Your reply should be the whole listing, copied exactly, with the pictures left out.

DATASET SECTION |

◇ ◇ ◇

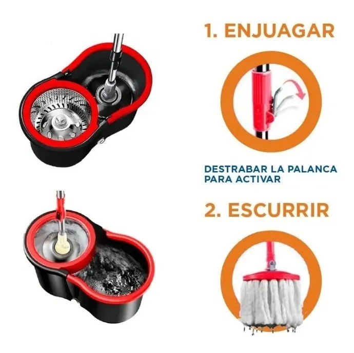 Descubre la comodidad y eficiencia del Trapeador De Piso Giratorio 1 Mopa Lampazo Con Rueditas, diseñado para facilitar la limpieza de tu hogar. Este innovador balde mopa centrifugo cuenta con un tambor y bastón de acero inoxidable, garantizando durabilidad y resistencia. Su plato de plástico y balde de plástico reforzado ultraresistente aseguran un uso prolongado. Incluye 1 paño superabsorbente de microfibra de alta calidad, ideale para atrapar la suciedad y el polvo. Las ruedas facilitan el transporte, mientras que el cabezal giratorio del lampazo de limpieza permite alcanzar rincones difíciles. Con repuestos de mopa universales y un sistema de centrifugado por presión en el palo, este trapeador es la solución perfecta para mantener tus pisos impecables. ¡Haz de la limpieza una tarea sencilla y rápida!
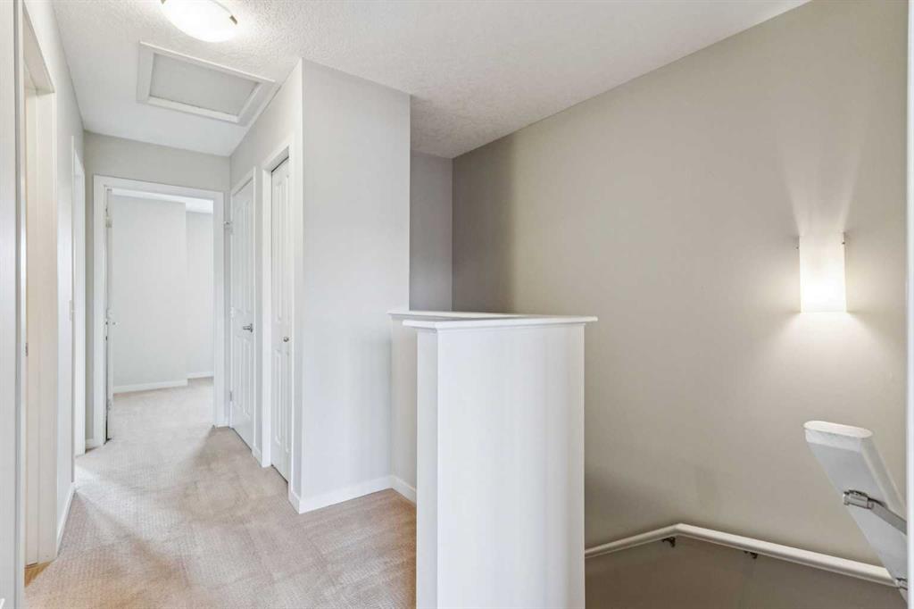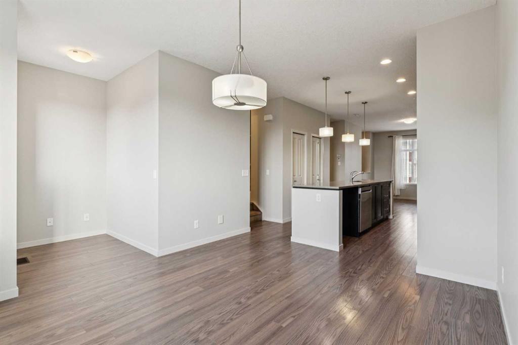 Welcome to this beautiful 3-bedroom, 2.5-bathroom townhome with an attached garage. This bright home features an open-concept main floor with laminate flooring, quartz kitchen countertops, espresso maple cabinetry, a subway tile backsplash, and a large kitchen island accented by stylish pendant lighting. The living room offers plenty of room to relax, while the adjacent dining area includes a versatile flex space—perfect for a home office, reading nook, or hutch. The upper floor has been freshly repainted throughout, giving the bedrooms and hallway a clean, updated feel. The main floor and lower level have also received touch-ups, and the carpets have been professionally cleaned, ensuring the home feels refreshed and move-in ready. Upstairs, you’ll find three comfortable bedrooms, including a primary suite with a walk-in closet and its own private bathroom. The lower level provides generous storage and the potential to develop additional living space if desired. Enjoy the convenience of an attached garage—especially during winter months—plus a driveway for a second vehicle. This well-located townhome is close to parks and playgrounds, schools, shopping, and transit, with quick access to 130th Avenue, Deerfoot Trail, and Stoney Trail. A wonderful opportunity in Copperfield—book your viewing today!
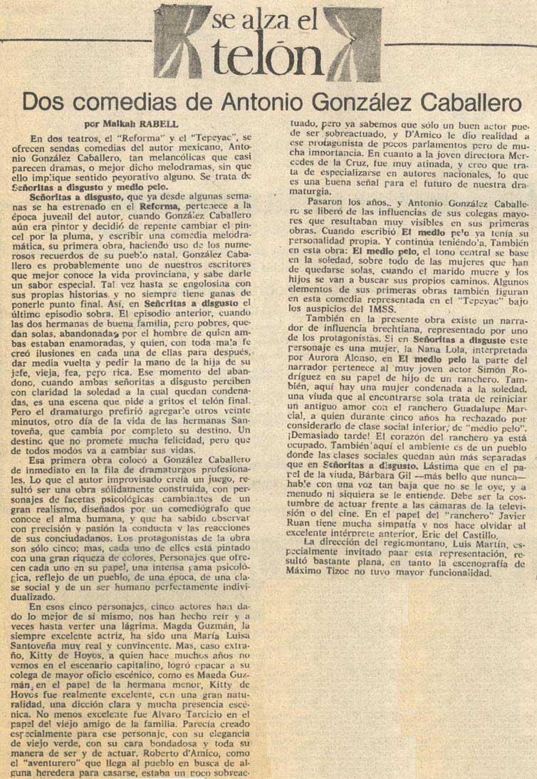 En dos teatros, el Reforma y el Tepeyac, se ofrecen sendas comedias del autor mexicano, Antonio González Caballero, tan melancólicas que casi parecen dramas, o mejor dicho melodramas, sin que ello implique sentido peyorativo alguno. Se trata de Señoritas a disgusto y Medio pelo.

◇ ◇ ◇

EXERCISE SOLUTION |
 Descubre la comodidad y eficiencia del Trapeador De Piso Giratorio 1 Mopa Lampazo Con Rueditas, diseñado para facilitar la limpieza de tu hogar. Este innovador balde mopa centrifugo cuenta con un tambor y bastón de acero inoxidable, garantizando durabilidad y resistencia. Su plato de plástico y balde de plástico reforzado ultraresistente aseguran un uso prolongado. Incluye 1 paño superabsorbente de microfibra de alta calidad, ideale para atrapar la suciedad y el polvo. Las ruedas facilitan el transporte, mientras que el cabezal giratorio del lampazo de limpieza permite alcanzar rincones difíciles. Con repuestos de mopa universales y un sistema de centrifugado por presión en el palo, este trapeador es la solución perfecta para mantener tus pisos impecables. ¡Haz de la limpieza una tarea sencilla y rápida!
 Welcome to this beautiful 3-bedroom, 2.5-bathroom townhome with an attached garage. This bright home features an open-concept main floor with laminate flooring, quartz kitchen countertops, espresso maple cabinetry, a subway tile backsplash, and a large kitchen island accented by stylish pendant lighting. The living room offers plenty of room to relax, while the adjacent dining area includes a versatile flex space—perfect for a home office, reading nook, or hutch. The upper floor has been freshly repainted throughout, giving the bedrooms and hallway a clean, updated feel. The main floor and lower level have also received touch-ups, and the carpets have been professionally cleaned, ensuring the home feels refreshed and move-in ready. Upstairs, you’ll find three comfortable bedrooms, including a primary suite with a walk-in closet and its own private bathroom. The lower level provides generous storage and the potential to develop additional living space if desired. Enjoy the convenience of an attached garage—especially during winter months—plus a driveway for a second vehicle. This well-located townhome is close to parks and playgrounds, schools, shopping, and transit, with quick access to 130th Avenue, Deerfoot Trail, and Stoney Trail. A wonderful opportunity in Copperfield—book your viewing today!
 En dos teatros, el Reforma y el Tepeyac, se ofrecen sendas comedias del autor mexicano, Antonio González Caballero, tan melancólicas que casi parecen dramas, o mejor dicho melodramas, sin que ello implique sentido peyorativo alguno. Se trata de Señoritas a disgusto y Medio pelo.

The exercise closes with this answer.